The intervention lasted 5 years, with 350 students in the first cohort and 165 students remaining for the full evaluation (approximately half in the treatment group and half in the control group). In each of the 5 years of the evaluation, all of the classrooms were observed during eight separate 2-hour visits. Classroom observers were trained and not aware of the status (treatment or comparison) of any of the schools.
There were some limitations to the study. The observational instruments were changed after the first year. Other limitations include multiple treatment interferences, obtrusive testing, secular trends, and intervening events. Finally, students from different schools were used, but no information is given on other initiatives or activities in any of these schools that may affect outcome behaviors. No subgroup analyses were conducted.
Study
Battistich and colleagues (2000) conducted a quasi-experimental study of the CSC program using a convenience sample from six school districts for a total of 24 elementary schools. Of the schools, 12 were located on the West Coast, 4 were in the South, 4 were in the Southeast, and 4 were in the Northeast of the United States. They include urban, suburban, and rural school districts and serve diverse but roughly equivalent populations.
Twelve schools were selected to receive the intervention on the basis of faculty interest and perceived likelihood of being able to implement the CSC program. Twelve comparison schools were matched to intervention schools on school size and student characteristics. A total of 5,500 students were included in their evaluation: 2,250 students in the treatment group and 2,250 students in the comparison group. Assessments were completed at the baseline during the 1991–92 school year before the introduction of the CSC program. The researchers used a 36-month follow-up period.
Student self-reports were used to measure the outcomes. Assessments of drug use and other problem behaviors (including students’ use of cigarettes, alcohol, and marijuana and frequency of involvement in delinquent behaviors) were limited to students at the fifth or sixth grade at each of the schools. Students’ sense of school as a community was also measured by examining levels of student autonomy and influence in the classroom, classroom supportiveness, and school supportiveness. Adjustments were made for gender, ethnicity, and grade.
Classroom observations by observers blind to group assignment were conducted throughout the study. Beginning during the baseline year, four 90-minute observations of each classroom in the program and comparison schools were conducted each year. All observers were trained by the same project staff member; observers scored videotapes of classroom interactions and training visits throughout the school year to maintain reliability. Average overall observer agreement with the criterion scores was 75 percent over all 4 years of the study.

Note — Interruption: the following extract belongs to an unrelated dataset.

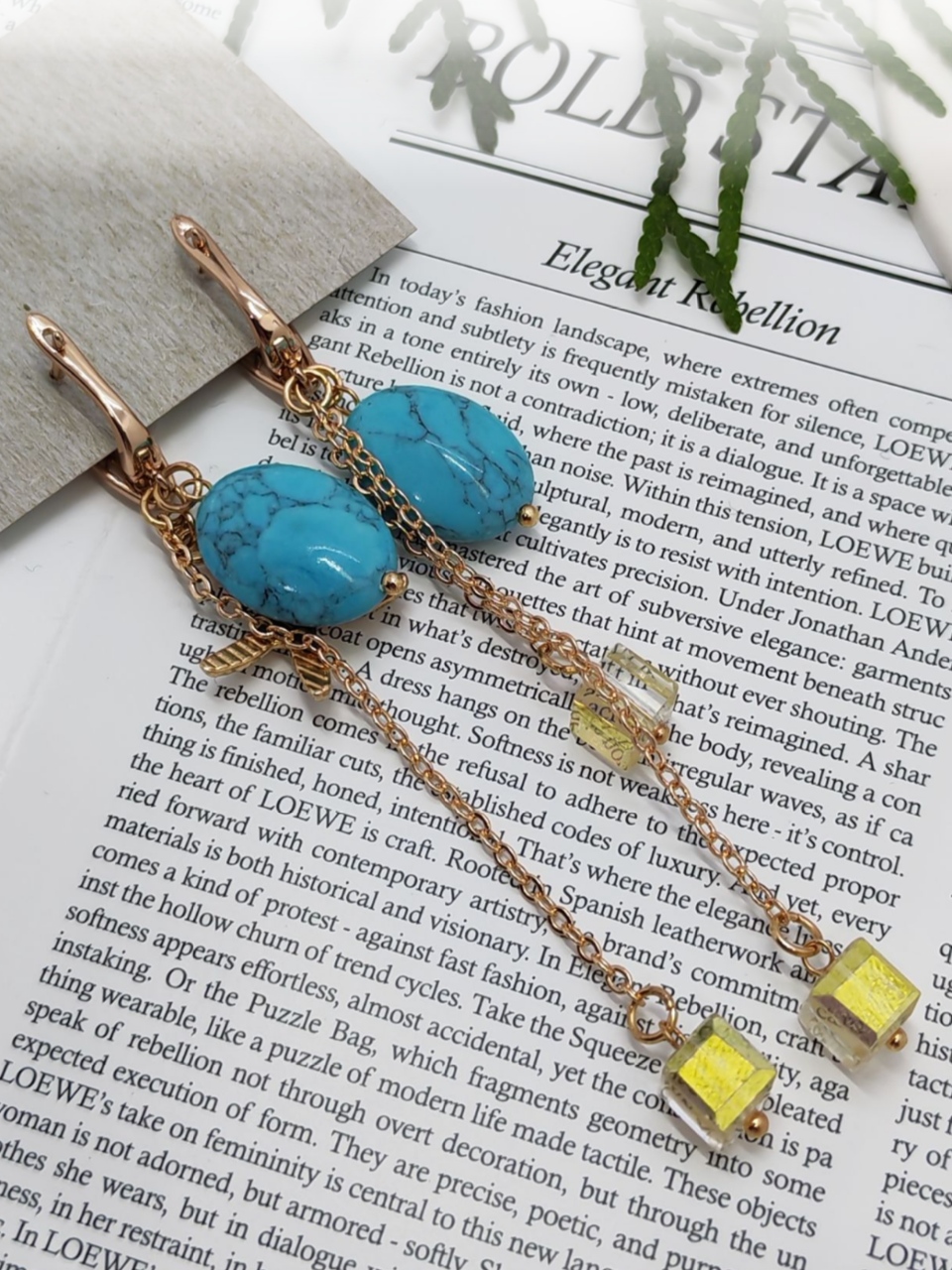 Погрузитесь в атмосферу морского бриза с изысканными серьгами, сочетающими природную красоту бирюзы и утончённость золотых элементов. Эта пара украшений — настоящий гимн лету и свободе, воплощённый в деталях.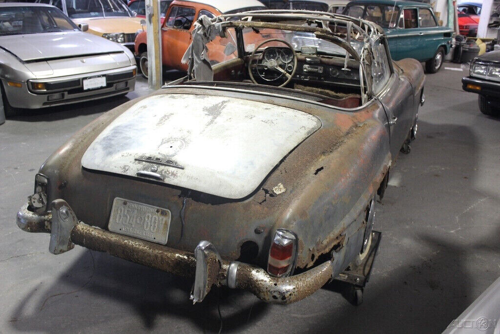 Now, this is not a vehicle I would personally spend $30K or more on, but I can understand bidders’ desire to get into a classic Mercedes model like the 190SL while prices are still somewhat reasonable. However, in addition to the prodigious amounts of rust, this 190SL is also sporting a non-matching engine, as the original mill failed and was replaced with one from a 180/B sedan, which certainly speaks to how these baby Benzes were perceived once a few years and a couple thousand miles had been racked up.

Program effects on all measures were examined using planned contrasts comparing linear changes from baseline at the program and matched comparison schools (between-group comparisons). Multivariate analysis of covariance was used, followed by the univariate planned contrasts. Two sets of analyses were also conducted for problem behavior data: a study-wide analysis to include all 24 schools and a high-change analysis which included five high-change schools (schools with high levels of implementation) and their five matched comparison schools. Subgroup analyses were conducted to determine program effects on five high-change schools, that is, the five schools that most closely followed the program instruction.